» **Aim of the task**: From the line that contains "R. Schumann 1810 - 1856" down to the last line of the entries, repeat every line exactly. Do not carry over the pictures.

» **Input for this task**:

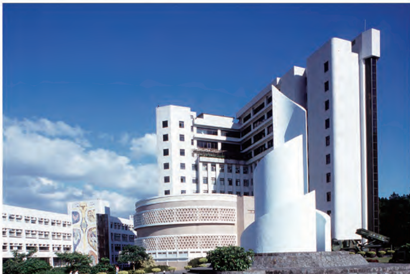
淡江大学书卷广场与惊声大楼
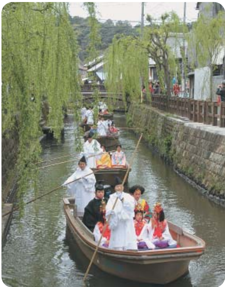
さわら雛舟 小野川周辺 (撮影日: 4月6日)

議員から討論の後、採決の結果、それぞれ可決されました。次に発議案第5号、第6号を議題とし、提案理由説明を行った後、採決を行った結果、いずれも原案のとおり可決、次に千葉県後期高齢者医療広域連合議会議員、香取広域市町村圏事務組合議会議員の選挙、香取市東庄町病院組合議会議員の補欠選挙が行われ(9頁の結果を掲載していません)全日程を終了しました。
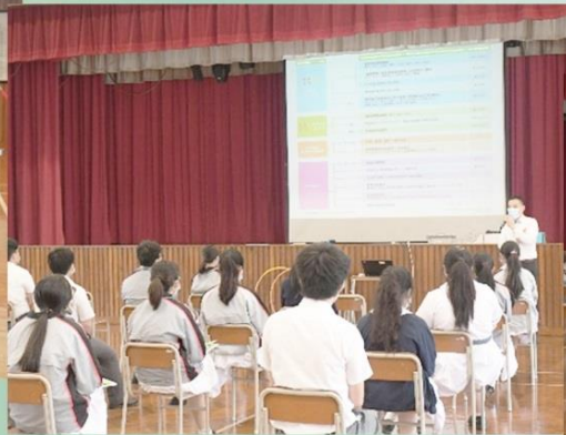
學校為同學們舉辦升學講座
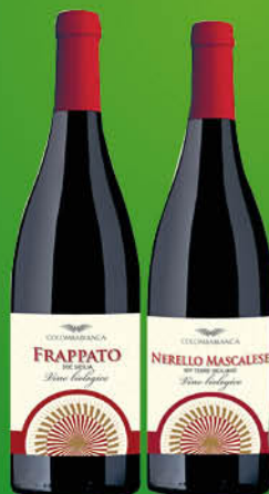
VINO COLOMBA BIANCA FRAPPATO/ NERELLO MASCALESE CL.75
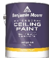
WATERBORNE Ceiling Paint 508

Wodorozcieńczalna, wewnętrzna farba akrylowa z technologią rozpraszania refleksów świetlnych przeznaczona do dekoracji sufitów. Ultra-mat.
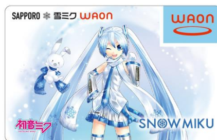
Illustration by KEI © Crypton Future Media, INC. www.piapro.net piapro
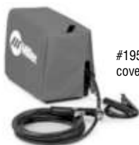
#195 144 cover shown

Para uso pesado, impermeable, y resistente al moho. Protege y mantiene el acabado de su maquina.
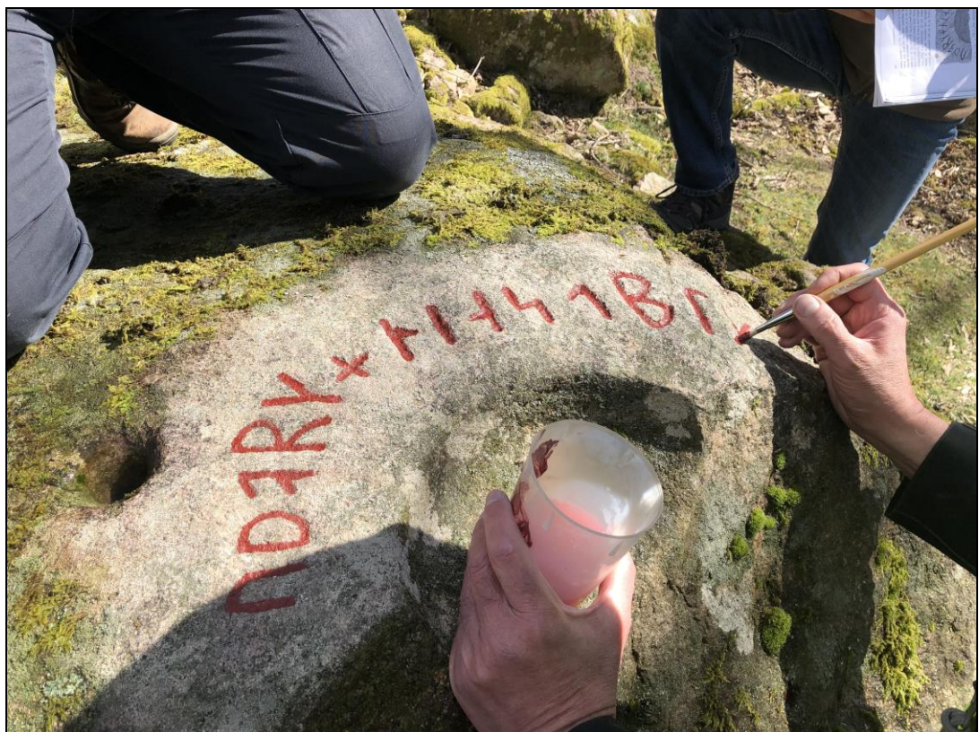
Närbild av ifyllningsarbetet
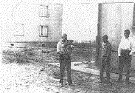
BLOK, W KTÓRYM MIESZKAŁAM Z RODZICAMI TYLKO OD 1986 r. GDYNIA - GRABÓNEK

Rodzice mojej mamy uciekali przed Niemcami do Gdyni. Lecz z ich pomocą powstała dosyć duża rodzinka. Kiedy moja mama stała się doświadczonej przyjechała do Gdyni, gdzie zamieszkała i zaczęła prowadzić odpowiedzialne życie. Poznała wtedy mojego tatę, a dnia 26. XI. 1976 pobrali się. Dnia 4. V. 1977 w Gdyni urodziła się moja siostra. Dwie lata później 4. II. 1986 urodziłam się ja również w Gdyni. Po dziś razem z rodzicami zamieszkał w Gdyni. Mam wielką nadzieję, że nawet kiedyś zastąpię w tym rodzinnym domu mieszkać w Gdyni.
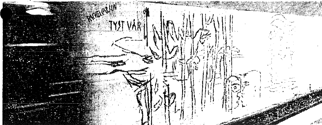
Siri Derkerts beställningsverk för tunnelbanan — här T-banestationen vid Östermalm — utgör ett exempel på hur viss del av produktionskostnaderna avsätts till konst.
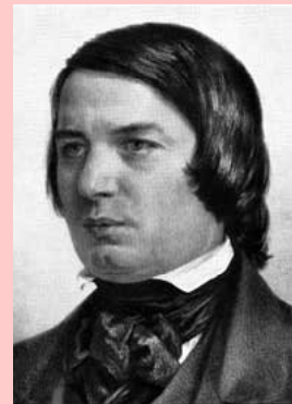
R. Schumann 1810 - 1856
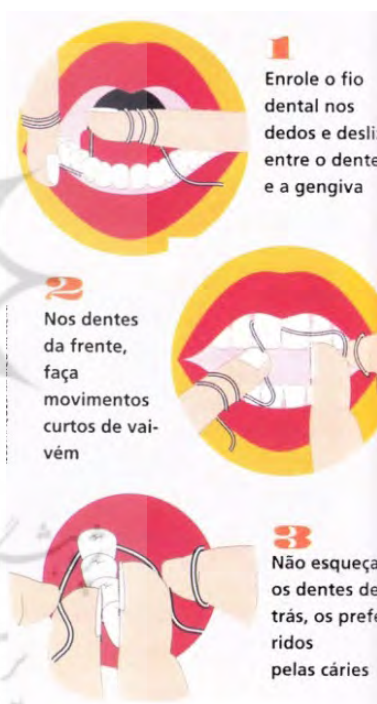
تصویر ۵. بازنمایی ساده و گرافیکی چگونگی استفاده از نخ دندان. هدف آموزش.

گونه‌ای دیگر بازنمایی در گرافیک اطلاع‌رسان، بازنمایی با تلخیص یا ساده‌سازی است؛ مانند اصلاح گرافیکی تصویر یک نقشه و کاربردی کردن آن به جهت تشخیص بهتر مسیرها (تصویر ۵). بازنمایی تصویر گفته شده با بازآفرینی توأم است. در پیشینه به نقل از «پهلوان» گفته شد که در آثار گرافیک با دو جنبه خلاقیت و ارتباط مواجه هستیم، به نظر می‌رسد در این اثر دو ویژگی گفته شده نمایان است.
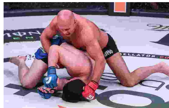
FEDOR APLICOU CERTEIROS GOLPES E NOCAUTEOU SONNEN

Chael Sonnen entrou na arena circular do Bellator no último sábado (13) com a difícil missão de bater a lenda russa Fedor Emelianenko nas semifinais do GP peso-pesado da organização, mas não obteve êxito e acabou nocautado ainda no primeiro round de luta.

» **Answer box**:
R. Schumann 1810 - 1856
تصویر ۵. بازنمایی ساده و گرافیکی چگونگی استفاده از نخ دندان. هدف آموزش.

گونه‌ای دیگر بازنمایی در گرافیک اطلاع‌رسان، بازنمایی با تلخیص یا ساده‌سازی است؛ مانند اصلاح گرافیکی تصویر یک نقشه و کاربردی کردن آن به جهت تشخیص بهتر مسیرها (تصویر ۵). بازنمایی تصویر گفته شده با بازآفرینی توأم است. در پیشینه به نقل از «پهلوان» گفته شد که در آثار گرافیک با دو جنبه خلاقیت و ارتباط مواجه هستیم، به نظر می‌رسد در این اثر دو ویژگی گفته شده نمایان است.
FEDOR APLICOU CERTEIROS GOLPES E NOCAUTEOU SONNEN

Chael Sonnen entrou na arena circular do Bellator no último sábado (13) com a difícil missão de bater a lenda russa Fedor Emelianenko nas semifinais do GP peso-pesado da organização, mas não obteve êxito e acabou nocautado ainda no primeiro round de luta.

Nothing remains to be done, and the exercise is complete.